Co-option (also co-optation, sometimes spelt coöption or coöptation) has two common meanings.

It may refer to the process of adding members to an elite group at the discretion of members of the body, usually to manage opposition and so maintain the stability of the group. Outsiders are "co-opted" by being given a degree of power on the grounds of their elite status, specialist knowledge, or potential ability to threaten essential commitments or goals ("formal co-optation").  Co-optation may take place in many other contexts, such as a technique by a dictatorship to control opposition.

Co-optation also refers to the process by which a group subsumes or acculturates a smaller or weaker group with related interests; or, similarly, the process by which one group gains converts from another group by replicating some aspects of it without adopting the full program or ideal ("informal co-optation"). Co-optation is associated with the cultural tactic of recuperation, and is often understood to be synonymous with it.

First sense

In a 1979 article for Harvard Business Review, consultants John Kotter and Leonard Schlesinger presented co-optation as a "form of manipulation" for dealing with employees who are resistant to new management programs:

Co-opting an individual usually involves giving him or her a desirable role in the design or implementation of the change. Co-opting a group involves giving one of its leaders, or someone it respects, a key role in the design or implementation of a change. This is not a form of participation, however, because the initiators do not want the advice of the co-opted, merely his or her endorsement.

Reasons for use
Two common uses of co-option are firstly, to recruit members who have specific skills or abilities needed by the group which are not available among existing members. Secondly, to fill vacancies which could not be filled by the usual process (normally election), e.g. if suitable candidates appear subsequently.  Co-opted members may or may not have the same rights as the elected members of a group (such as the right to vote on motions), depending on the rules of the group. Sociologist William Gamson defined co-optation as "challengers gaining access to the public policy process but without achieving actual policy changes."

Limitations on use
If a group is elected or appointed based on its members representing specific constituencies, co-option to fill vacancies is inappropriate, as a member selected by existing members will not necessarily represent the interests of the group represented by the vacating member.  In this case, vacancies may be filled via a mechanism specified in its rules, such as a by-election.  Examples are:
 geographical constituencies (as used in legislatures in the United States and United Kingdom)
 constituencies of adherents to a political party, known as proportional representation (as used in legislatures in Israel and New Zealand)
 ethnic groups (as used in Māori constituencies in the New Zealand legislature)
 any other affinity group.

Nomenclature
Sociologist Philip Selznick, in the context of the Tennessee Valley Authority (TVA), described this form as "formal cooptation".

Second sense
This is arguably a derivation from the first sense.
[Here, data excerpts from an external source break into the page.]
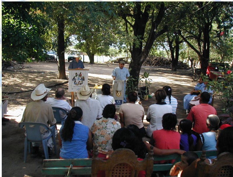
Instruction is done with easy to follow pictures

At the end of the meeting, a filter is set up and installed while the community members watch; the filter is left in place, so local children and adults benefit immediately from the program, and other residents can learn proper filter usage and care.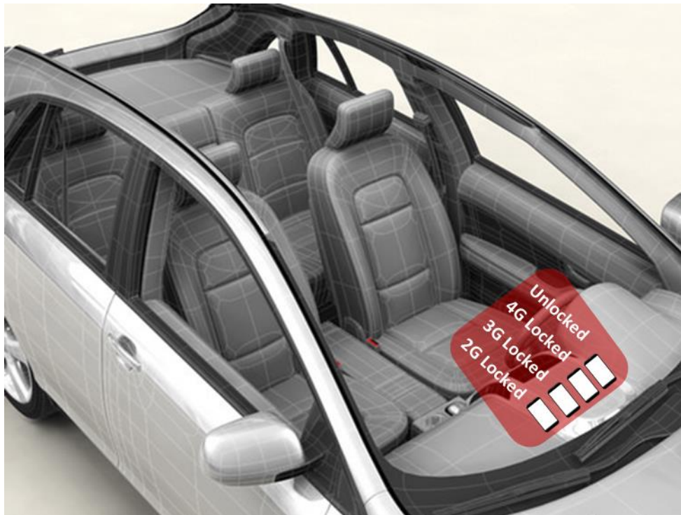
Figure 2 – Example of Inside view of the measurement car with antennae positions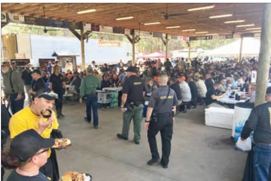
The lunch provided by Mission BBQ was a hearty one and filled the pavilion at Tampa Bay Sporting Clays.

2019 Tampa Bay Sporting Clays' Shotgun Shootout draws skeet and trap shooters from all over Pasco County and beyond to unite for a great cause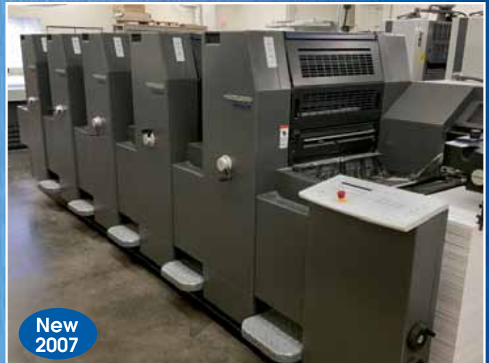
Heidelberg 5-Color Sheet Fed Printing Press, Model PM 52-5

The outcome of such co-option will be specific to the individual case, and will depend on the relative strength of the co-opting and co-opted groups, the degree of alignment of their interests, and the vigour with which their members are prepared to pursue those interests. For example, when corporations greenwash their brands by co-opting the tone of environmentalism without any deep reform of their environmental impact, both environmental advocates and the general public must decide how to engage (or not) with the greenwashed result (accept it wholly, boycott it, apply pressure from another angle, ignore it, or some other path).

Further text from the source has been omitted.